CO conversions in the presence of BTH or NAPH were found to be in the range of 92 - 94 % at 340*C using phosphomolybdic acid as a dispersed catalyst with a concentration of 1500 ppm of the Mo metal. Under the same operating conditions, a slightly higher CO conversion for the binary mixture (BTH + NAPH) of 95.5% is observed. The presence of benzothiophene and phosphomolybdic acid dispersed catalysts seems to be very effective in activating the water gas shift reaction.
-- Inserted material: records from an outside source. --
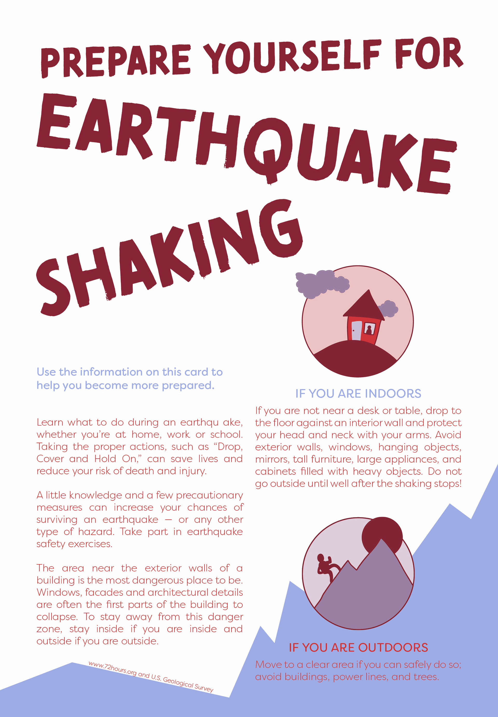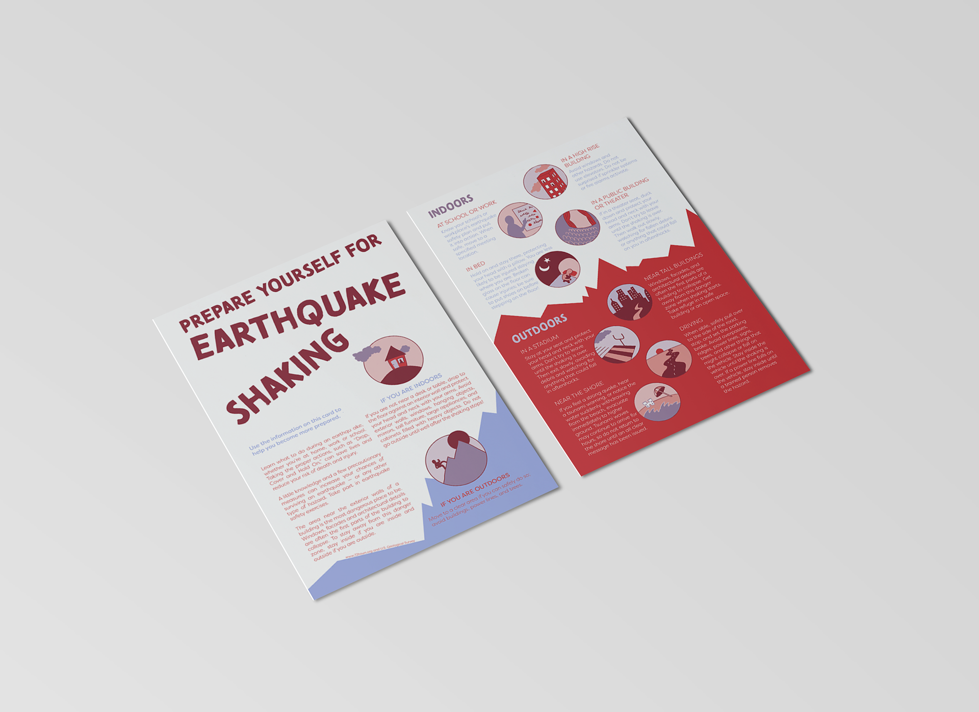 Suncup Studio created the graphics and designed the layout for this public safety info-card on earthquake protocol.
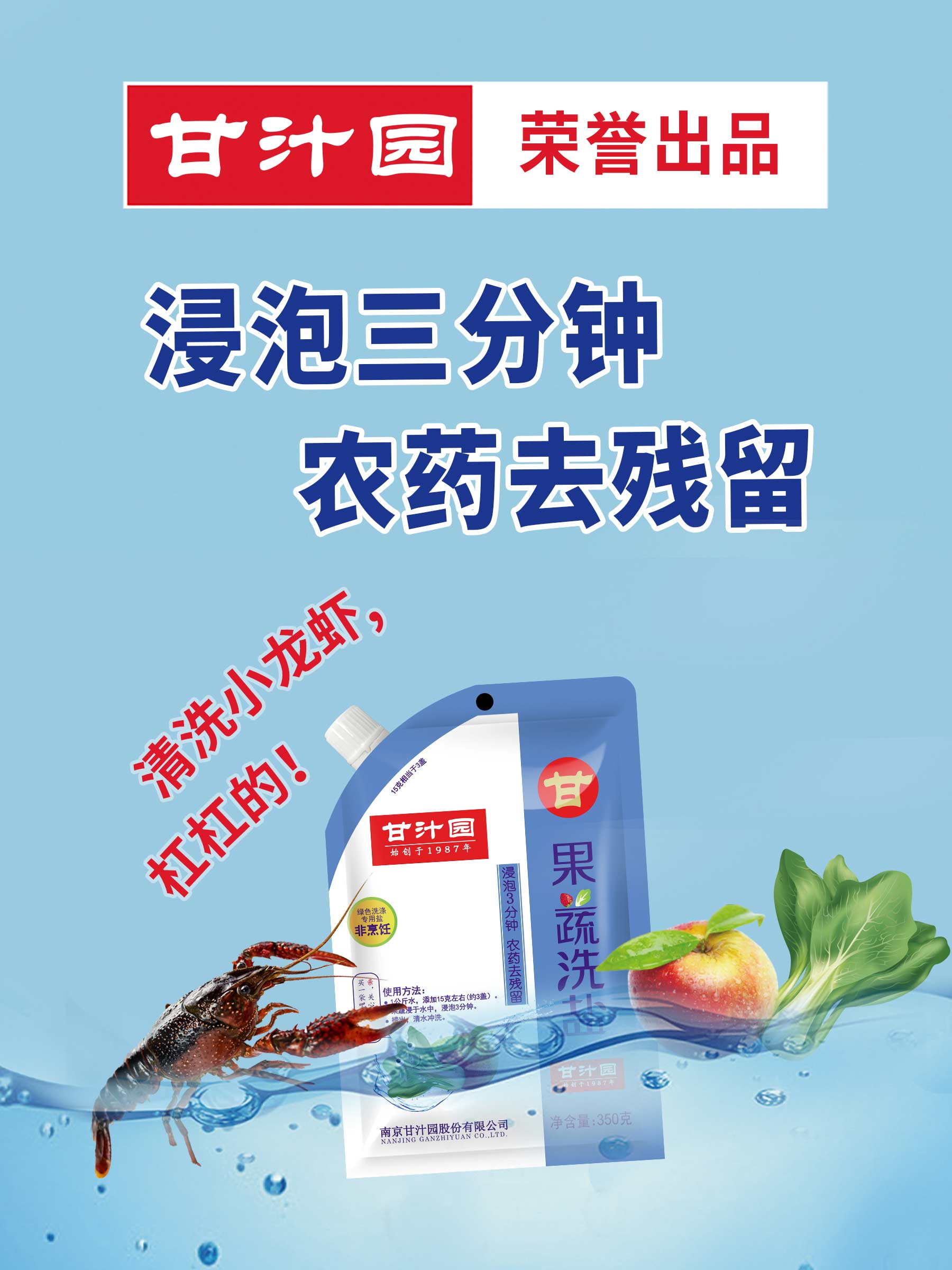甘汁园果蔬洗盐主要配料为食盐和食用小苏打,由于采用了食品级配方,在果蔬清洗方面更让消费者放心和安心。南京某龙虾馆老板很快发现它在清洗龙虾时能大显身手,因此,一条短视频在抖音传播,让果蔬洗盐再度爆红。
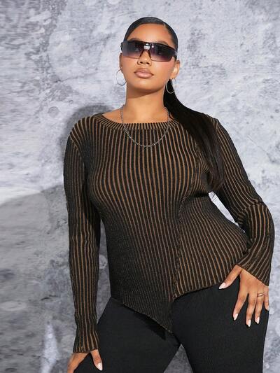 Plus Striped Pattern Asymmetrical Hem Sweater-60%
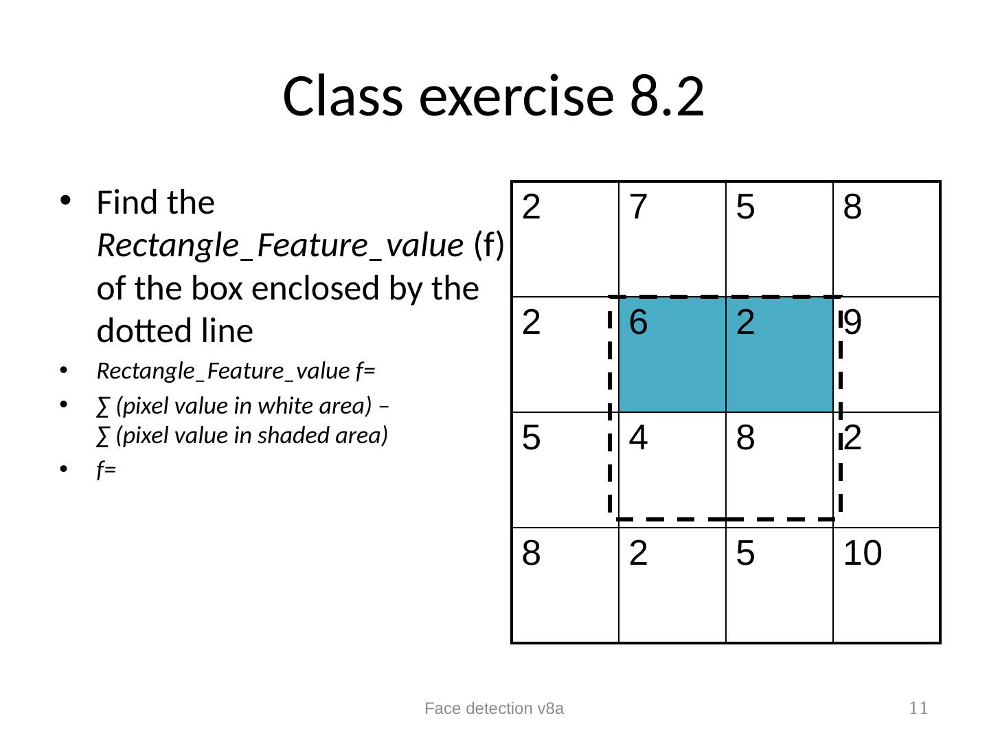 11 .Class exercise 8.2 Find the Rectangle_Feature_value (f) of the box enclosed by the dotted line Rectangle_Feature_value f= ∑ (pixel value in white area) – ∑ (pixel value in shaded area) f= 2 7 5 8 2 6 2 9 5 4 8 2 8 2 5 10 Face detection v8a 11
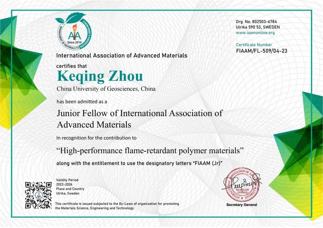 (通讯员 黄静)近日,betway西汉姆联平台(武汉)betway西汉姆联平台周克清特任教授收到国际先进材料学会(International Association of Advanced Materials, IAAM)执委会发来的贺函,祝贺他当选为国际先进材料学会青年会士(Junior Fellow of IAAM, FIAAM)。周克清特任教授受邀在美国奥兰多举办的复合材料研讨会(Composite Materials Congress)上发表题为“Functionalized 2D molybdenum disulphide working on high-performance flame-retardant polymer materials”的IAAM Fellow演讲,会上获颁青年会士“Junior Fellow”证书,以表彰他在“高性能阻燃聚合物材料”领域做出的杰出贡献。
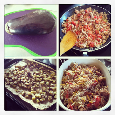 Clockwise from top left: eggplant, making the meat sauce, the assembled "pasta" bake prior to cooking, and roasting the eggplant on parchment paper.
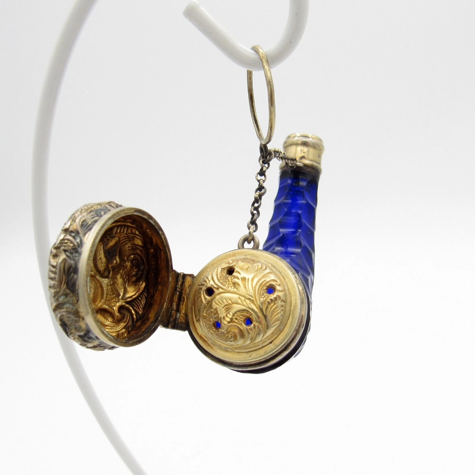 19世紀ヴィクトリア時代、貴婦人が香りを楽しむために持ち歩いた、希少なホーン型のヴィネグレットのご紹介です。深みのある鮮やかなコバルトブルーのカットガラスが美しく、光にかざすと宝石のような輝きを放ちます。蓋部分には精巧なスクロール装飾が施されたスターリングシルバーが使用されており、当時の職人による細やかな手仕事が息づいています。指に通して持ち運ぶためのフィンガーリングとチェーンが付属しており、シャトレーンの装身具としてもお使いいただけます。素材は上質なコバルトガラスとシルバーで、経年による銀特有の変色は見られるものの、ガラスにヒビや欠けはなく、アンティークとして非常に良好なコンディションを保っています。手のひらに収まるサイズ感ながら、当時の貴族文化の優雅さを象徴する、歴史的価値のある逸品です。サイズの詳細をご希望の方はお気軽にお問い合わせください。ビンテージ品の特性をご理解のうえ、ご購入をお願いいたします。
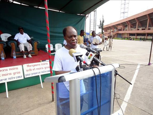 Sur la même lancée, 27% de béninois adultes ont une tension artérielle élevée tandis que 9% de béninois adultes sont à risque du diabète. A l’inverse, 60% des béninois consomment régulièrement des fruits et légumes, ce qui est encourageant. C’est à l’esplanade intérieur du Stade de l’Amitié que l’ensemble de ces allocutions et discours a été prononcé. De cet endroit, le Directeur Adjoint de Cabinet du Ministère de la Santé représentant le Ministre empêché a adressé un message de soutien à tous les marcheurs qu’il a exhortés à poursuivre quotidiennement cette activité dont l’objectif principal est de maintenir le coeur en bonne santé. Dr Moufalilou ABOUBAKAR a précisé que plus d’un (1) béninois sur quatre (4) souffre d’hypertension artérielle selon l’enquête STEPS réalisée en 2008 par le Ministère de la Santé avec l’appui technique et financier de l’OMS au Bénin.

Benzothiophene and naphthalene conversions were found to be 100% and 67.57% respectively in their mixture, under 600 psi CO/(2.5% H2S) initial loading pressure, with NAPH: BTH ratio of 3.2 mol/mol at 340*C and 1500 ppm Mo-metal concentration of the phosphomolybdic acid (PMA) catalyst. Variations of the CO loading pressure have more significant effects on NAPH conversions than the variation of water contents. Moreover, different Mo concentration produced even greater effects in the NAPH conversions. When the Mo concentration is 3000 ppm 82.3% NAPH conversion is obtained. Different Mo catalysts at the same Mo concentration (1500 ppm) produce essentially the same conversions of CO, BTH and NAPH for reaction duration of 4 hours.

The measured kinetics, based on sampling from a batch autoclave, were found to follow a pseudo first order reaction. The rate constant calculated for CO, NAPH and BTH, is 4.88 x 10-4, 7.33 x 10-5, and 7.87 x 10-4 (s-1), respectively. Ion chromatograph analyses of the aqueous solution indicated the presence of very small quantities of sulfate. This study demonstrates that the dispersed catalyst based on Mo and utilizing H2 in situ is highly efficient for aromatic hydrogenation and hydrodesulfurization reactions.